Usually, you would write such a query step by step, always having a look at PROFILE and EXPLAIN and often just returning the total count(*) from a pattern so that you always have a good understanding of the cost.
Tips: Turn this into a label: bureau.CREDIT_ACTIVE = "Active"
Problem: You missed a in the first WITH.
I formatted and simplified it:
replaced optional match with pattern comprehension which computes all status as list of true/false
save second count by just filtering that list
added a to the first `WITH``
only access properties as late as possible
Here is the statement:
MATCH (a:Application)-[:HAS_PREVIOUS]->(p:Previous_Application)-[:HAS_PREV_INSTALLMENTS]->(i:Installments_Payment)
WITH a, toInteger(i.DAYS_INSTALMENT)-toInteger(i.DAYS_ENTRY_PAYMENT) AS DaysInstallMinusEntry,
count(i) AS TotalInstallments
WITH *, [ (a)-[:HAS_BUREAU]->(bureau:Bureau) | bureau.CREDIT_ACTIVE = "Active"] as bureauStatus
WITH DaysInstallMinusEntry, TotalInstallments,
size([status in bureauStatus WHERE status]) TotalActiveBureau,
size(bureauStatus) as TotalBureau, a
RETURN a.SK_ID_CURR AS ApplicationID, TotalInstallments,DaysInstallMinusEntry,TotalBureau,
toFloat(TotalActiveBureau)/toFloat(TotalBureau) AS ActiveBureauByTotalBureauRatio
ORDER BY ActiveBureauByTotalBureauRatio DESC
Hi, thank you for the detailed information. I apologize for the wrongly formatted query as I am new to the complex queries.
I have total of 52695506 NODES and 52339251 relationships.
I will also make the database available for download and provide you the link.
The reason I used OPTIONAL MATCH is because the application node may or may not have relationship with bureau node and previous_application node with installments_payment.
The result of using EXPLAIN on the query I mentioned with my question:
This dataset is not intended for processing in a graph database, as it is= a minimal hierarchy with a lot of non-hierarchy related data superimposed over and over again, million of times.
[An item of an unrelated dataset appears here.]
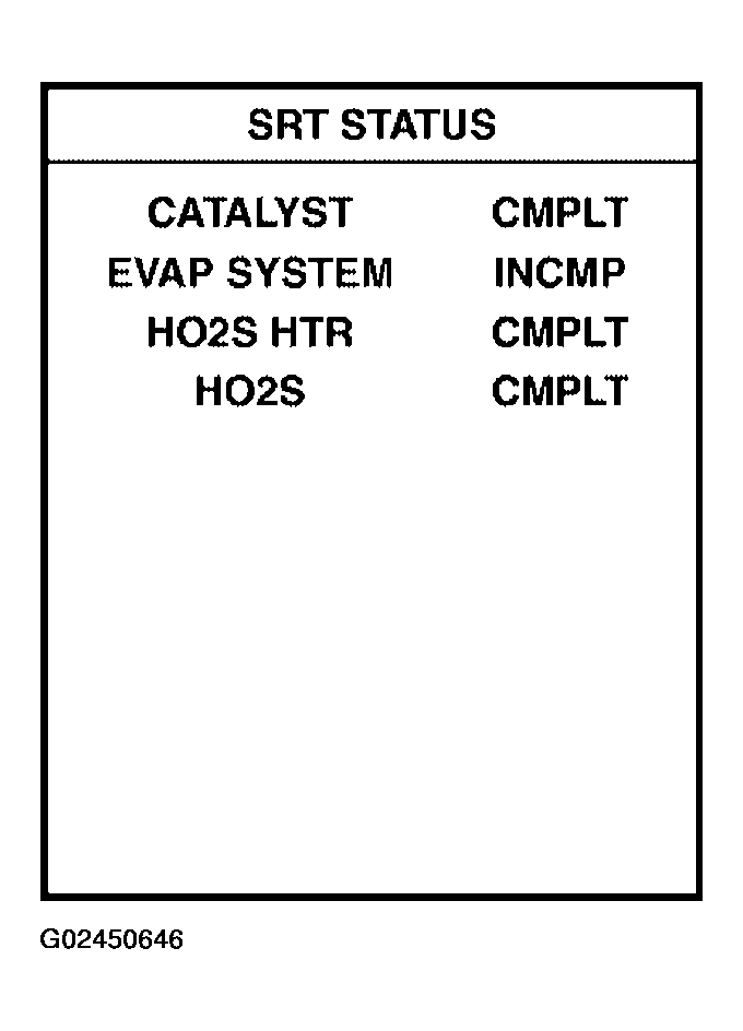 For items whose SRT codes are set, a "CMPLT" is displayed on the CONSULT-II screen; for items whose SRT codes are not set, "INCMP" is displayed.

But that's it, there's no connection between these hierarchies, or at least, not yet. @michael.hunger - would it be better for memory consumption, to break a node with a lot of attributes into multiple nodes, so that the node loaded in memory contains only the minimal set of data?
As per what it seems, the model does not fit into Ram.
Secondly, is there any benefit of he links all categorical values, instead of Keeping them as attributes?
And third, but related to 2 and extended: would a value graph help ?
Not sure how many attributes are there.
Sometimes it helps to split out less frequently used attributes
but we also try to minimize how many records we load, as the property records are separate from node-records.
Many value graphs elements turn into dense-nodes which can be detrimental for updates and querying across them (as you have to post-filter by the end-node of those relationships).
Seems to be a bug, if you replace the * with the explicit variables it works for me:
MATCH (a:Application)-[:HAS_PREVIOUS]->(p:Previous_Application)-[:HAS_PREV_INSTALLMENTS]->(i:Installments_Payment)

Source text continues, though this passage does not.